Washington: G. Gordon Liddy, the undercover operative whose bungling of the Watergate break-in triggered the gravest constitutional crisis in American history and led to the resignation of President Richard M. Nixon, died March 30 at his daughter’s home in Mount Vernon, Virginia. He was 90.

His son Thomas Liddy confirmed the death but did not give a cause, saying only that it was unrelated to COVID-19.

A theatrical personality whose event-filled career included more twists and turns than a fictional potboiler, Liddy was at various times an FBI agent, jailbird, radio talk-show host, best-selling author, candidate for Congress, actor and promoter of gold investments.

Gordon Liddy convicted for his part in the Watergate cover-up of the Nixon administration.Credit:UPI

The role for which he is best remembered was in the plot to bug the Democratic Party headquarters in the Watergate complex in June 1972.

Liddy’s combination of can-do ruthlessness, loyalty to Nixon and ends-justify-the-means philosophy made him a natural fit in a White House determined to get even with its political enemies.

At the same time, he was viewed by his superiors as “a little nuts,” in Nixon’s phrase. “I mean, he just isn’t well screwed on, is he?” the president complained to chief of staff H.R. Haldeman a week after the break-in.

A Watergate grand jury indicted six persons for the 1971 burglary at the office of Daniel Ellsberg’s psychiatrist, including (from top left) John D. Ehrlichman, Charles W. Colson, G. Gordon Liddy and three Cuban-Americans — Eugenio Martinez, Felipe Dediego, Bernard L. Barker. Credit:UPI

With his intense stare, cannonball head, bristling moustache and machine-gun style of speaking, Liddy looked like the archetypal bad guys he later depicted in television shows including Miami Vice. His friend and fellow Watergate conspirator, the late Howard Hunt, described him as “a wired, wisecracking extrovert who seemed as if he might be a candidate for decaffeinated coffee.”

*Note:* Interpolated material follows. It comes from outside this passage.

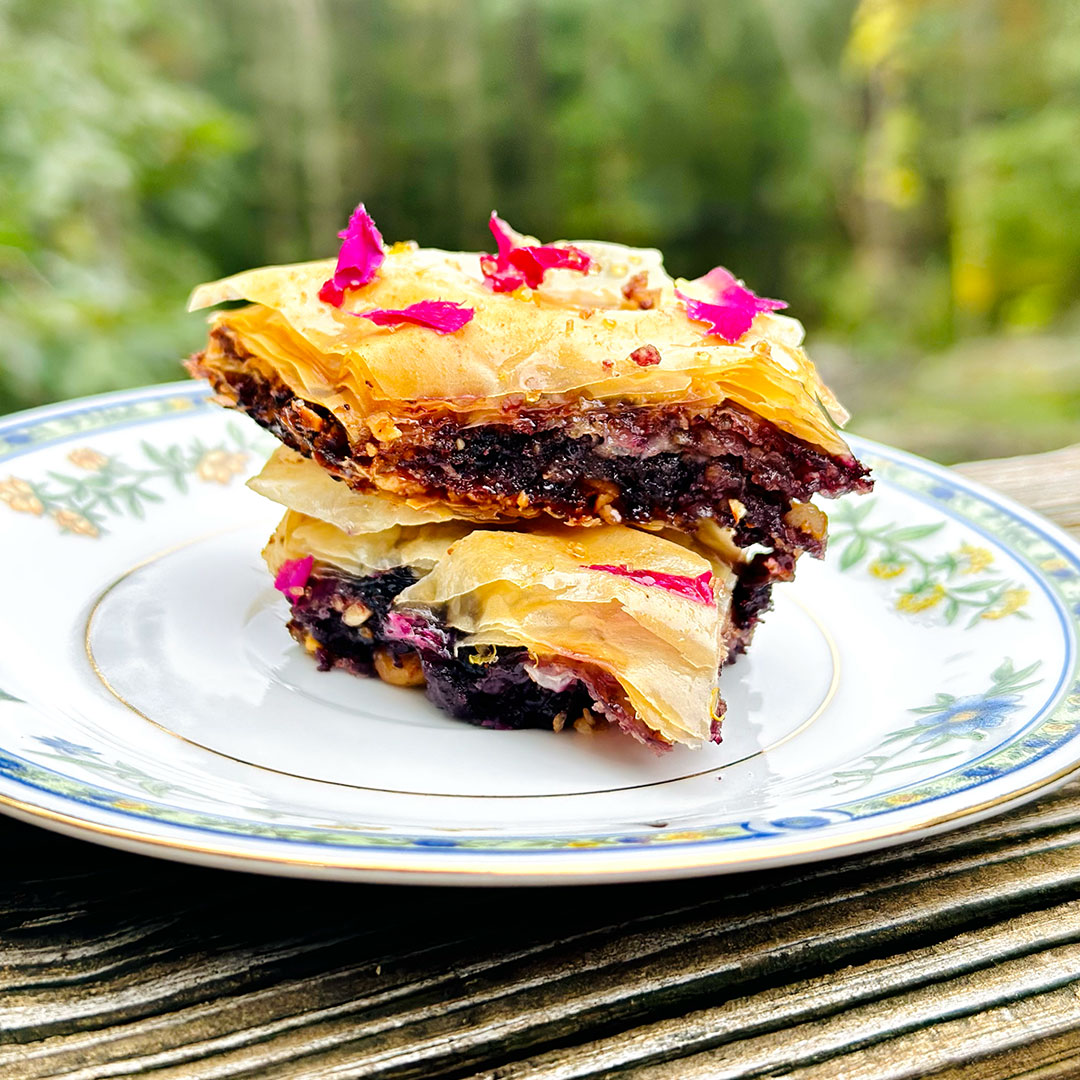 - When the baklava is fully baked, evenly drench it in baklava syrup mixture. Then, sprinkle with dried edible flowers and other garnishes of your choosing. Allow it to fully cool to room temperature, about 1 hour, then serve.

Liddy often boasted of his transformation “from a puny, fearful boy to a strong, fearless man” through a regime of intense exercise and physical bravado such as eating rats and holding his hand over a candle until the flesh burned.

“The trick is not minding,” he once explained of the pain, echoing a line used by Peter O’Toole in the 1962 movie Lawrence of Arabia.

He also developed a fascination early on with Nazi Germany, saying that he felt an “electric current” surge through his body when he listened to Hitler on the radio. To the young Liddy, the führer embodied the “power of will.”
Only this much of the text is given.